# Problem requirements
Could you repeat every line below exactly, skipping the images?

# Provided data
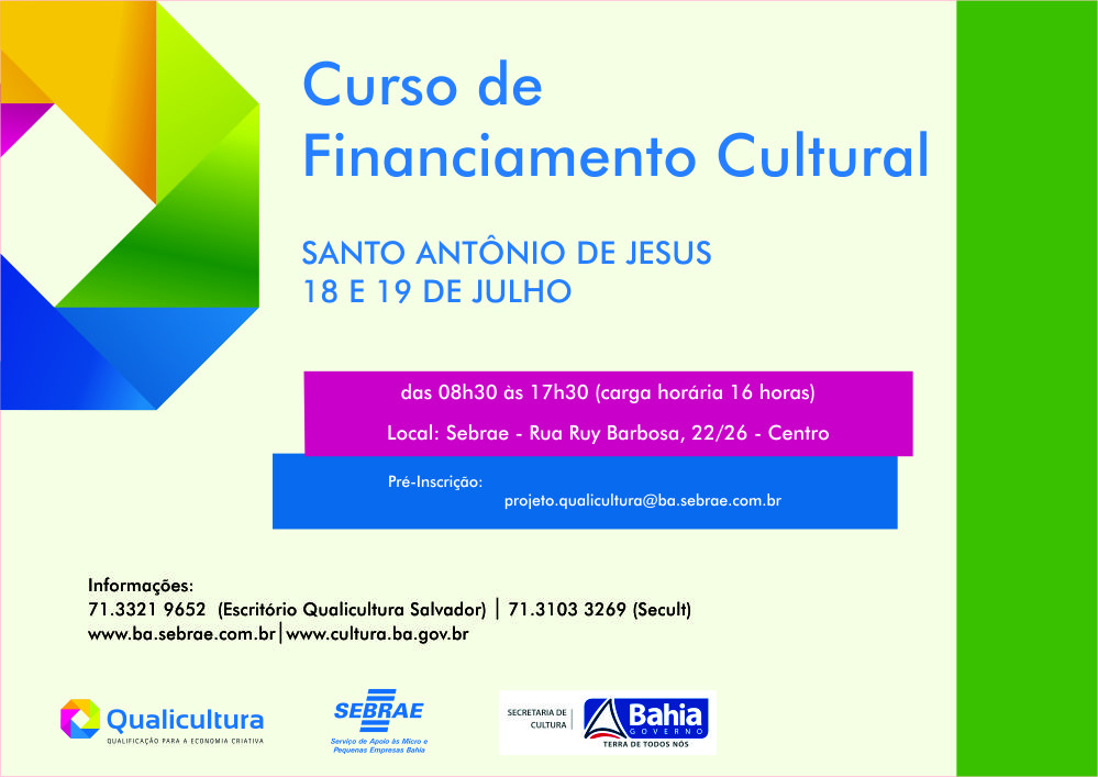 Estão abertas as inscrições para o curso de Financiamento Cultural, que será realizado em Santo Antônio de Jesus nos próximos dias 18 e 19 de julho, como parte das ações do projeto Qualicultura. Contando com carga horária de 16 horas, o curso é gratuito e fornece certificação. No total, serão oferecidas 30 vagas.
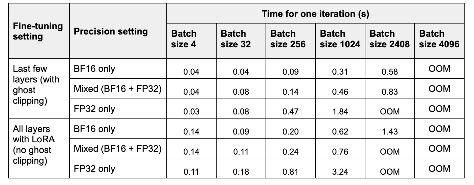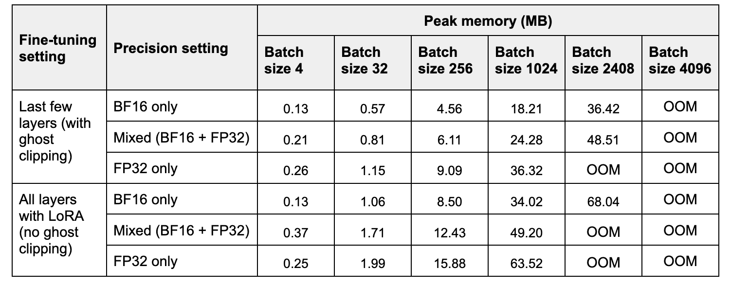在第一种情况下,鉴于线性层的宽度很大,幽灵裁剪可以改善内存使用。在第二种情况下,由于 LoRA 的有效层宽度非常小,幽灵裁剪没有用处。
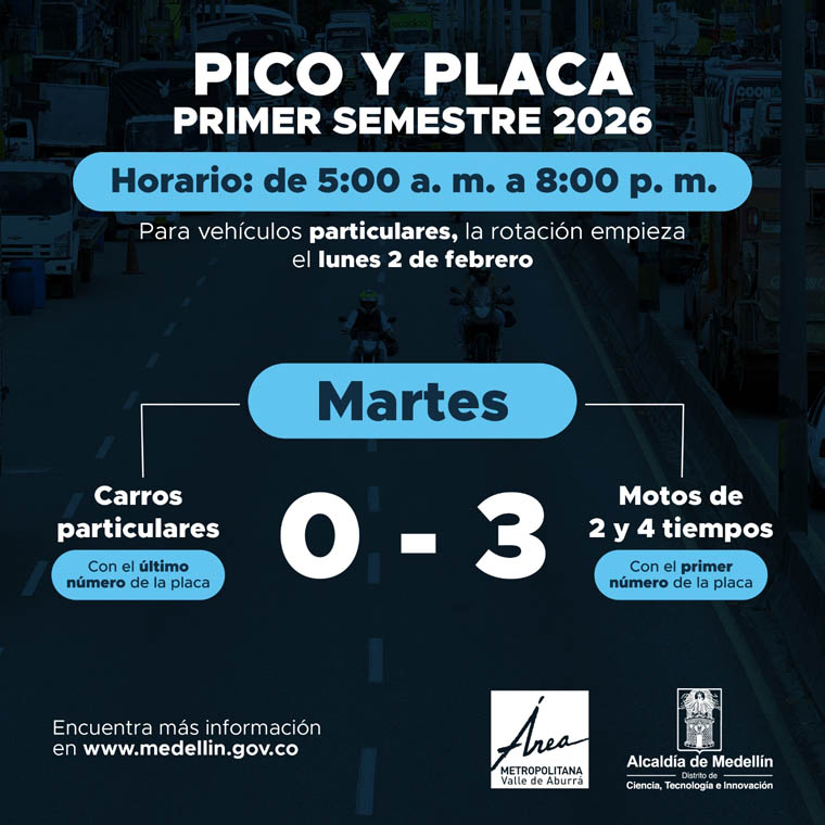 Este lunes 2 de febrero, Medellín y su área metropolitana tendrán una nueva rotación del Pico y Placa para carros y motocicletas, que regirá durante el primer semestre de 2026 y hasta el 31 de julio. Para este primer día, la restricción aplica para los números 1 y 7.

# Result
 Estão abertas as inscrições para o curso de Financiamento Cultural, que será realizado em Santo Antônio de Jesus nos próximos dias 18 e 19 de julho, como parte das ações do projeto Qualicultura. Contando com carga horária de 16 horas, o curso é gratuito e fornece certificação. No total, serão oferecidas 30 vagas.
在第一种情况下,鉴于线性层的宽度很大,幽灵裁剪可以改善内存使用。在第二种情况下,由于 LoRA 的有效层宽度非常小,幽灵裁剪没有用处。
 Este lunes 2 de febrero, Medellín y su área metropolitana tendrán una nueva rotación del Pico y Placa para carros y motocicletas, que regirá durante el primer semestre de 2026 y hasta el 31 de julio. Para este primer día, la restricción aplica para los números 1 y 7.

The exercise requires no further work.